Keren Regal קרן רגאל

Personal information
- Nationality: Israel
- Born: January 23, 1977 (age 49)

Sport
- Sport: Swimming
- Strokes: 50 m freestyle 200 m medley 400 m medley

= Keren Regal =

Israeli swimmer

Keren Regal (קרן רגאל; born January 23, 1977) is an Israeli former Olympic swimmer.

== Biography ==
Regal was born in Heftziba, a kibbutz in northern Israel. In the age of 8 she joined Hapoel Gilboa swimming club.

In 1991, She competed in the Juvenile European Aquatics Championships in Antwerp, Belgium in which she set a new Israeli record for 200 metres Individual Medley with a time of 2:25.47 breaking the 10 years record of Lior Birkan (2:27.87). At the same year, she also broke the Israeli record of 50 metres Freestyle.

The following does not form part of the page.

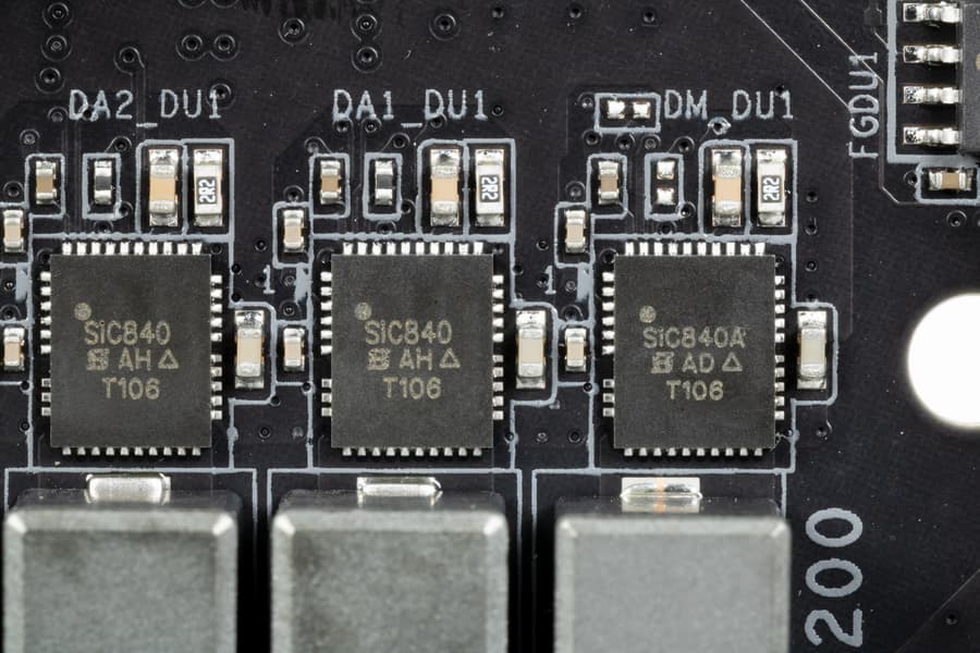 Каждый канал фазы имеет суперферритовый дроссель и SiC840 MOSFET от Vishay на 100 А.
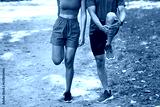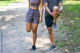Cropped shot of couple stretching legs for warm up or cool down after running

She competed for Israel at the 1992 Summer Olympics in Barcelona, Spain, at the age of 15. In the Women's 400 metres Individual Medley she came in 29th with a time of 5:07.97, in the Women's 200 metres Individual Medley she came in 37th with a time of 2:27.85, and in the Women's 50 metres Freestyle she came in 41st with a time of 27.93. As of 2018, she was the youngest Olympic participant ever for Israel.

In 1993, She won a gold medal at the 14th Macabiah games.

She retired from swimming at the age of 17. Today, she works as a veterinarian and trains Newfoundland dogs for competitions.